After the framework YAML enabled, The The abstract class `QueryBackendCapability` should be inherited and implemented. This class is used to load the YAML file and parse the quantization config from the specific framework version. You can refer to Tensorflow implementation [TensorflowQuery](../neural_compressor/adaptor/tensorflow.py#L628).

With the inherited `QueryBackendCapability` class enabled. The Adaptor will initialize a `query_handler` and used in API `query_fw_capability`.

Each framework adaptor should implement the `query_fw_capability` function, this function will only be invoked once and will loop over the graph/model for the quantizable operators and collect each operator's opwise details and optypewise capability. You should return a standard dict of the input model's tuning capability. The format is like below:

```python
def query_fw_capability(self, model):
# loop over the model and generate the capability of the model
quantizable_op_details = generate_quantizable_op_details()
capability = {
'opwise': quantizable_op_details,
'optypewise': self.get_optype_wise_ability(quantizable_op_details),
}
return capability
```
The `quantizable_op_details` is key-value pairs of each operators. The key is a tuple (node_name, node_op) and the value is a list including different data type quantization config. What the generate_quantizable_op_details do in above code is first get op_capability use `self.query_handler.get_quantization_capability()`, then construct the key-value pair as quantizable_op_details like below.

```python
op_capability = self.query_handler.get_quantization_capability()
int8_conv_config = copy.deepcopy(op_capability['int8']['Conv2D'])
fp32_config = {'weight': {'dtype': 'fp32'}, 'activation': {'dtype': 'fp32'}}
bf16_config = {'weight': {'dtype': 'bf16'}, 'activation': {'dtype': 'bf16'}}
quantizable_op_details = {
('conv2d', 'Conv2D'): [int8_conv_config, bf16_config, fp32_config]
}

```
In most case, `bf16_config` and `fp32_config` stay the same on different operators and we can add config of different data type to the `quantizable_op_details`. It's configured in the YAML file and parsed out with format like below.

```python
int8_conv_config = {
'weight': {
'dtype': 'int8',
'algorithm': 'minmax',
'granularity': 'per_channel',
'scheme': 'sym'
},
'activation': {
'dtype': 'int8',
'quant_mode': 'static',
'algorithm': 'kl',
'granularity': 'per_tensor',
'scheme': 'sym'
}
}

```
After we got the opwise capability of the model, we should also get the optypewise ability. It's also a key-value pair but the key is op type and the value is the configuration of activation and weight for this op type. It has format like below:

```python
optype_wise_ability = {
'Conv2D': {
'weight': {
'dtype': 'int8',
'algorithm': 'minmax',
'granularity': 'per_channel',
'scheme': 'sym'
},
'activation': {
'dtype': 'int8',
'quant_mode': 'static',
'algorithm': 'kl',
'granularity': 'per_tensor',
'scheme': 'sym'
}
}
}
```
There is an API get_optype_wise_ability to get the optype_wise_ability from the `quantizable_op_details`. You can refer to [get_optype_wise_ability](../neural_compressor/adaptor/keras.py#L614) for the implementation.

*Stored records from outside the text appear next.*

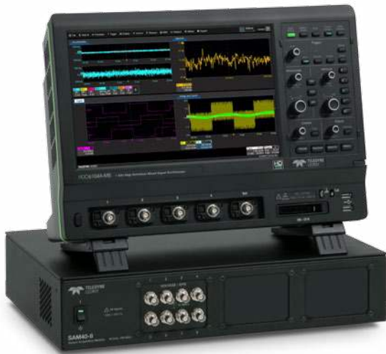
4 analog channel + 16 digital channel, 1 GHz, 12 bit resolution HDO6104A-MS high definition oscilloscope with SAM40-8 provides 4+16+8 channel acquisition capability.

Engineers commonly use multiple instruments to debug and validate complex deeply embedded control systems, mechatronics, and electro-mechanical systems. Multiple instruments report different information on different displays and in different formats. An HDO with a sensor acquisition module cost-effectively replaces multiple instruments with one consolidated view of system performance. Leverage the Teledyne LeCroy deep toolbox to perform math, measurements, pass/fail and other analysis on all acquired data, or apply an application package to gain even faster time to insight.
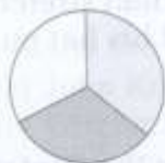
India's first Ranking

■ Milk, Pulses and Jute ■ Fruits and Vegetables □ Cereals
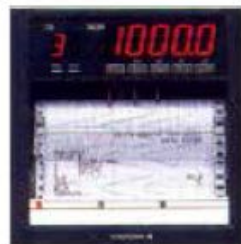
Optional ; (2) Temp. & Humidity Recorder
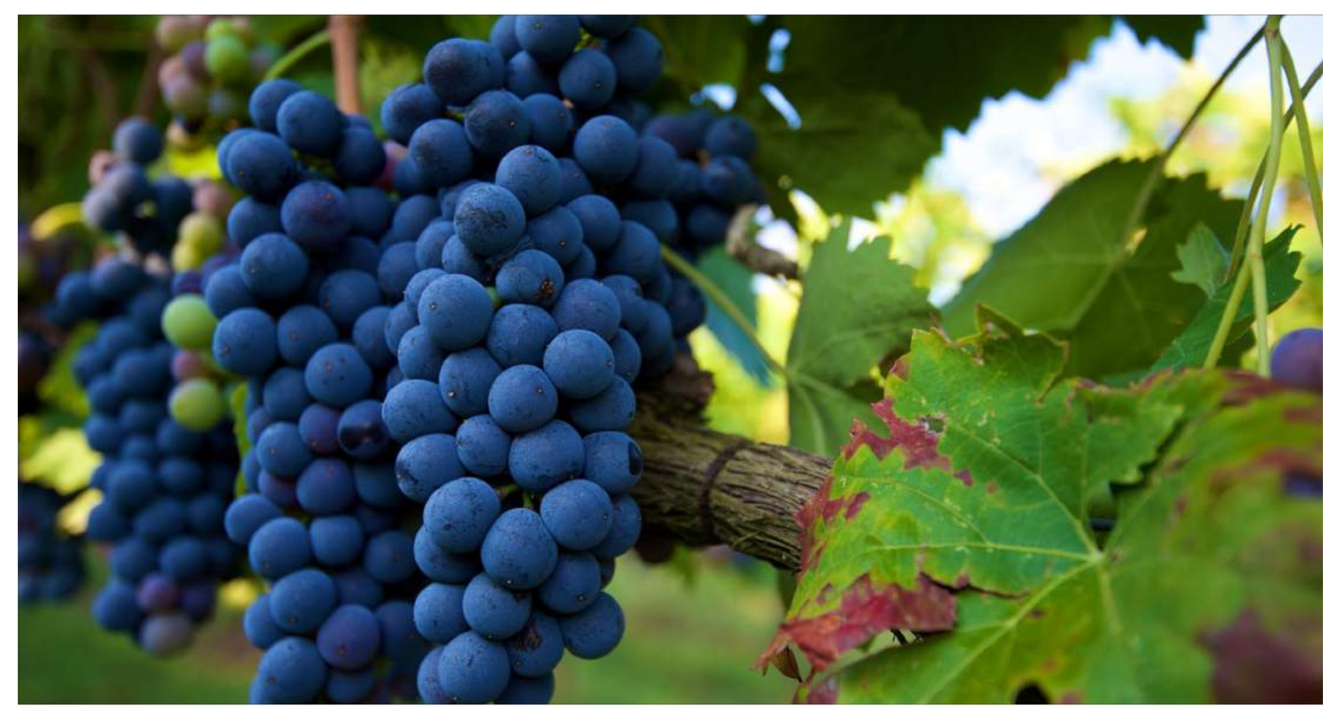
Aglianico, Mastroberardino Estates

A project begun at the turn of the millennium, with a series of experimental hypotheses starting from selected clones in pre-phylloxera vineyards and leading to a rediscovery of working protocols, both in the vineyard and in the winery, related to the time in which Irpinia wines affirmed themselves as the pick of the iceberg of a process of renaissance and revitalization of viticulture in our Country.
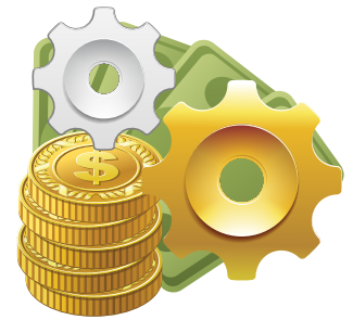
Take Control of Your Spend

"User adoption is the single most important factor in an eProcurement project. No user adoption means no visibility and no control"
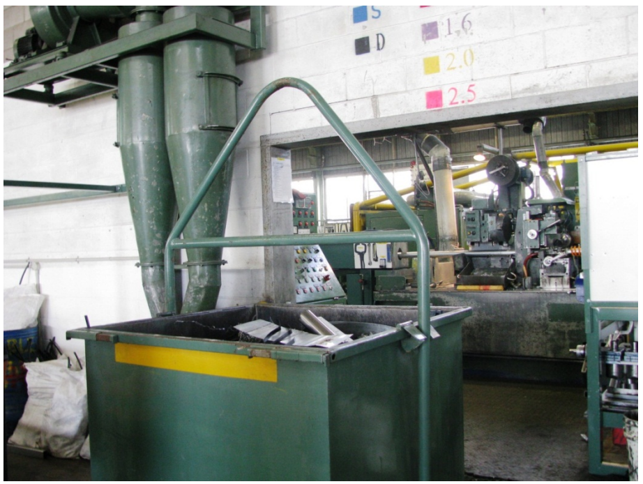
Photo 1: Extract systems not specifically mentioned in compliance schedule
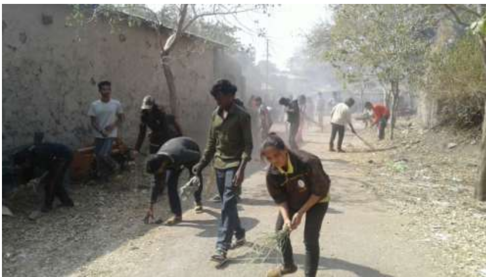
NSS Volunteers participating in Cleanliness Campaign
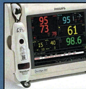
Philips SureSigns VS4
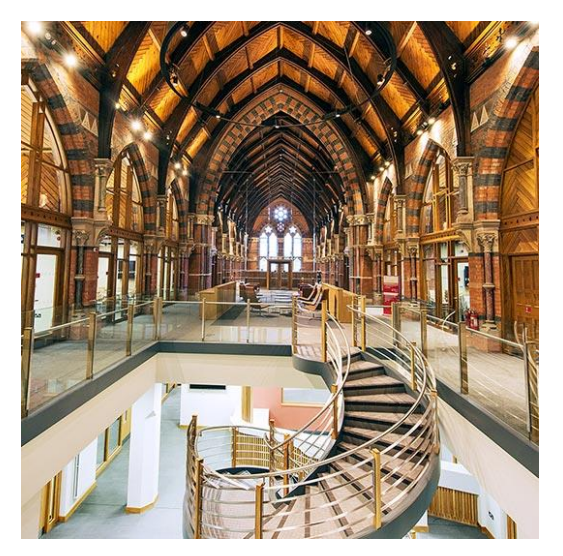
Figure 23. Image of the Lynn Building.

In 2018 the Lynn Building celebrated its 150-year anniversary. A number of events took place to celebrate this anniversary. Further information on the history of the building and the 150-year celebrations are available on the Queen's <u>website</u>.
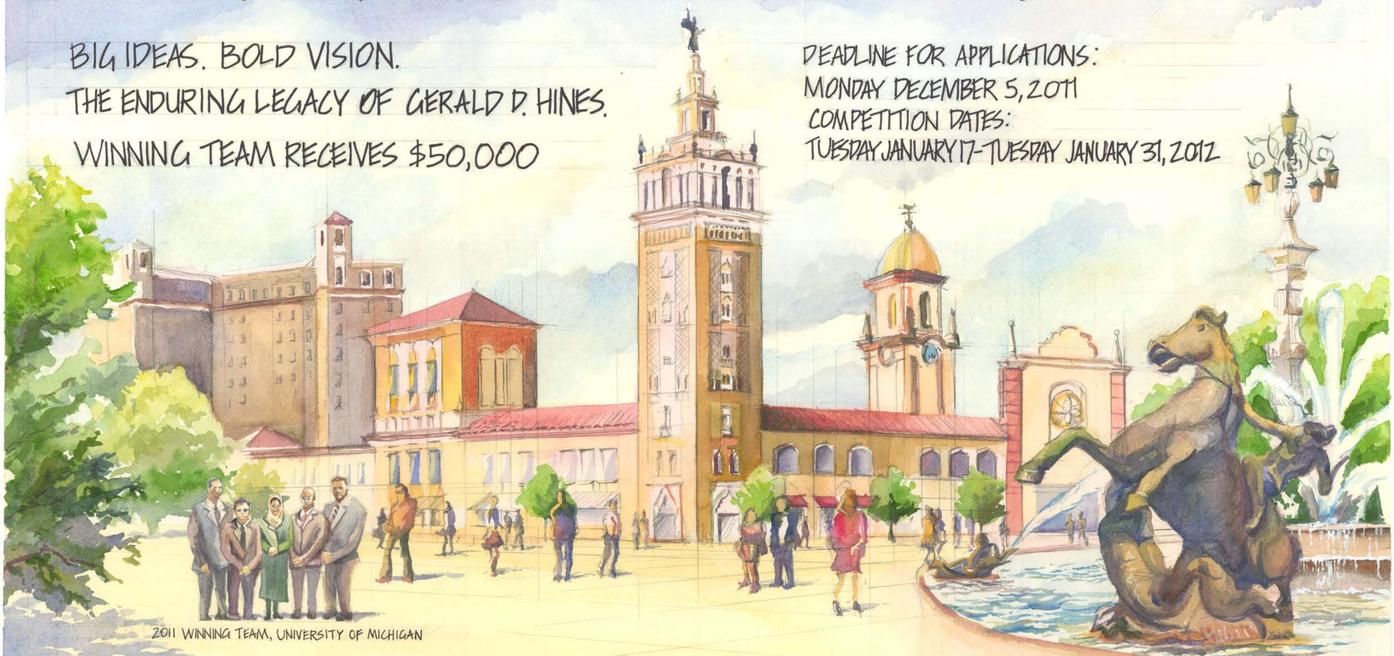
2011 WINNING TEAM, UNIVERSITY OF MICHIGAN

DEADLINE FOR APPLICATIONS: MONDAY DECEMBER 5, 2011 COMPETITION DATES: TUESDAY JANUARY 17 - TUESDAY JANUARY 31, 2012

After the work above, we have implement the `query_fw_capability` API and get the tuning capability dict for the Strategy object. Then the Strategy object will fetch tuning configuration and give to the quantize API to get the quantized model.

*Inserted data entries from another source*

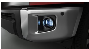
High Performance LED Fog Lights - Chrome $ 139 **Parts Only
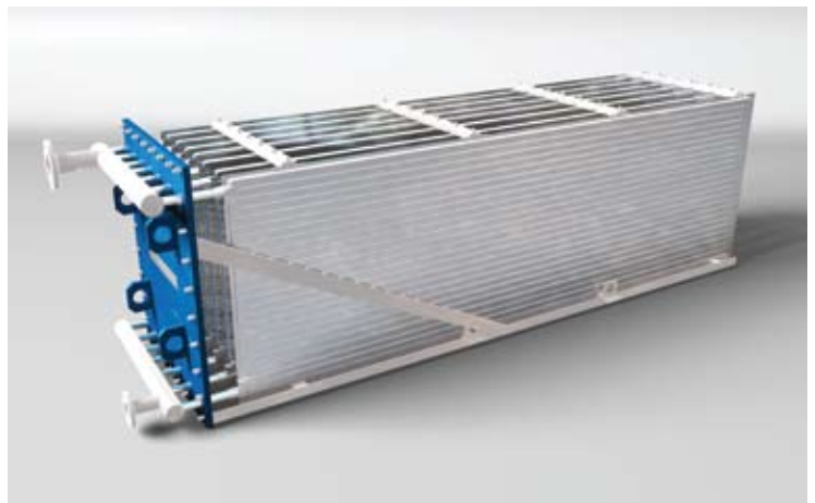
PLATECOIL® banks mounted downstream of the scrubber outlet raise gas temperature for better dispersion.

Wet venturi scrubbers are used for particulate and sulfur dioxide removal. The scrubbing medium is lime, either high calcium or dolomitic. Scrubbing efficiency for SO 2 is 95% and for particulate 99.5%.
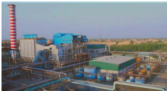
Cogeneration - 410 MW
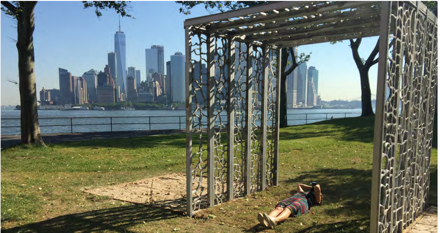
Cast & Place by Team Aesop

Summer-Long Projects: The NYC summer program saw the return of the City of Dreams Pavilion; this year's competition winner was Cast & Place by Team Aesop. FIGMENT NYC also celebrated the 10th anniversary of a long-time Governors Island favorite, our curated artist-designed minigolf course—this year's designs relating to the sounds of New York City and its music scene of the past, present or future.
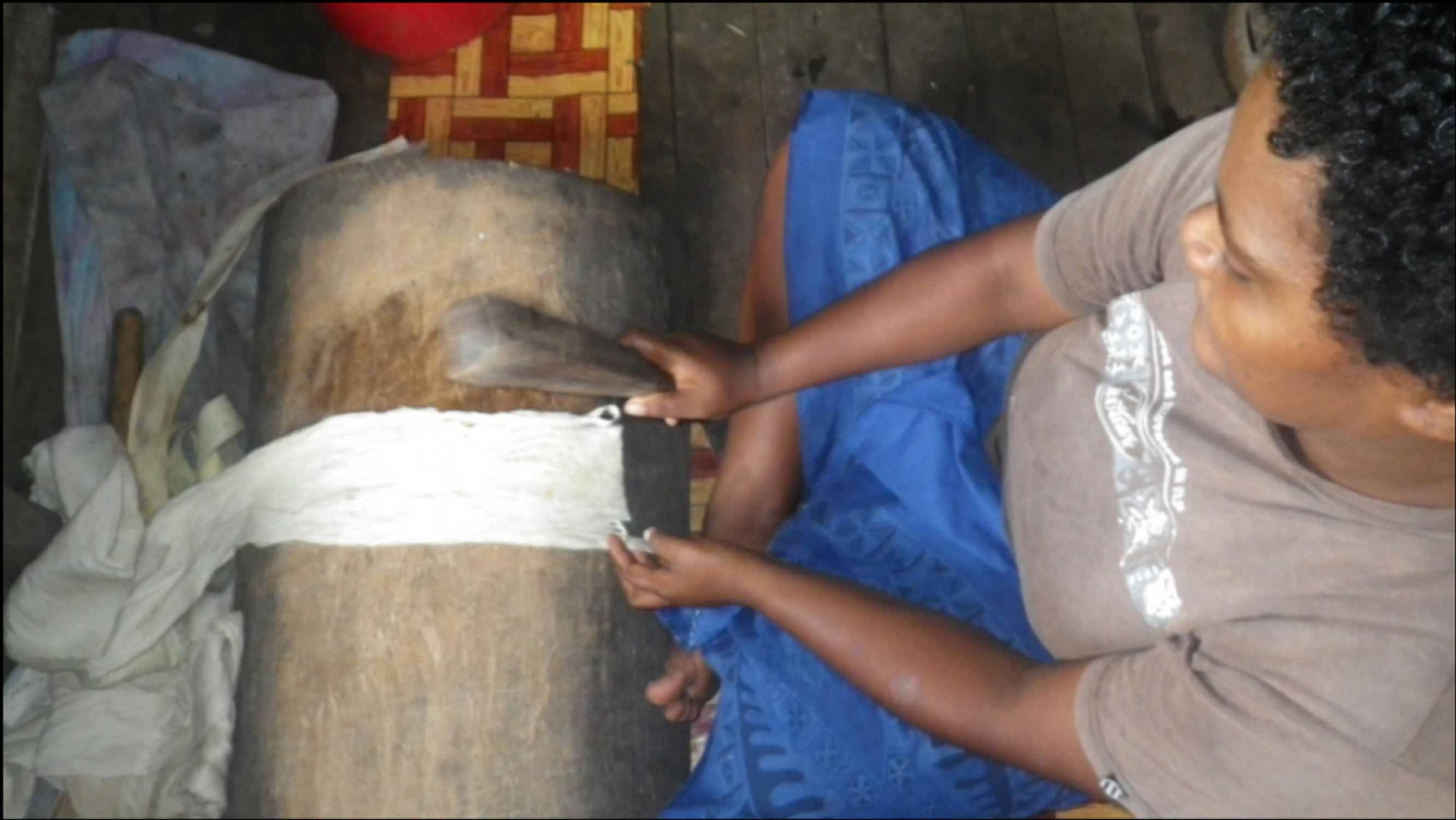
The area was once a regional center for the production of tapa or masi, a traditional cloth made from bark. COMDEKS activities in the area present an opportunity to meld local traditional knowledge and practices with modern innovations, concepts, and technology to invigorate the landscape and its communities.
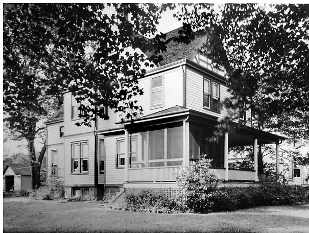
The Chapin home at 515 Oradell Avenue in 1933.
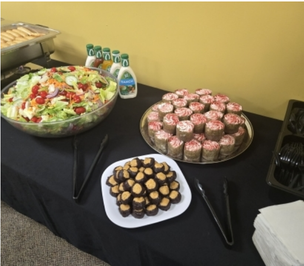
HS Conference Catering

## Add Pre-quantization optimizations
As the `query_fw_capability` only invoked once, we can do some pre-optimizations in the `query_fw_capability` API and cache the pre_optimized_object for quantization. It's not mandatory and if you have done optimizations on the model, take care to use the optimized model in the quantize API.


## Quantize Model according to tune_cfg
`quantize` function is used to perform quantization for post-training quantization and quantization-aware training. Quantization processing includes calibration and conversion processing for post-training quantization, while for quantization-aware training, it includes training and conversion processing.

The first work of `quantize` function is to invoke `tuning_cfg_to_fw` to generate the self.quantize_config. The self.quantize_config is a dict including the quantization information. Its format is like below

```
self.quantize_config = {
'device': 'CPU',
'calib_iteration': 50,
'advance': {},
'op_wise_config': {
'conv2d': (True, 'minmax', False, 8),
# ....
}
}
```
As the Strategy object will decide which operator to quantize or not, some quantizable operators may not be in the `tune_cfg`. Only dispatched operators will be set to the `op_wise_config` in `self.quantize_config`. `op_wise_config` is a dict with format like

```
op_wise_config = {
op_name: (is_perchannel,
algorithm,
is_asymmetric,
weight_bit)
}
```

You can also set bf16_ops in `tuning_cfg_to_fw` and the `self.bf16_ops` will be converted in `convert_bf16` function.

After got the `self.quantize_config`, we can prepare to quantize the model. It usually have three steps.

### (Optional) Insert FakeQuant operator to the fp32 graph for calibration.
The calibration process needs to collect the activation and weight during inference. After collection, a reasonable data range is calculated for subsequent data type conversion. The operator for calibration supported by some frameworks is FakeQuant, at this time, you need to insert FakeQuant in front of the operators to be collected. Of course, there are also some frameworks that can directly collect data through Quantize and Dequantize operator. So it is not mandatory to insert FakeQuant for calibration.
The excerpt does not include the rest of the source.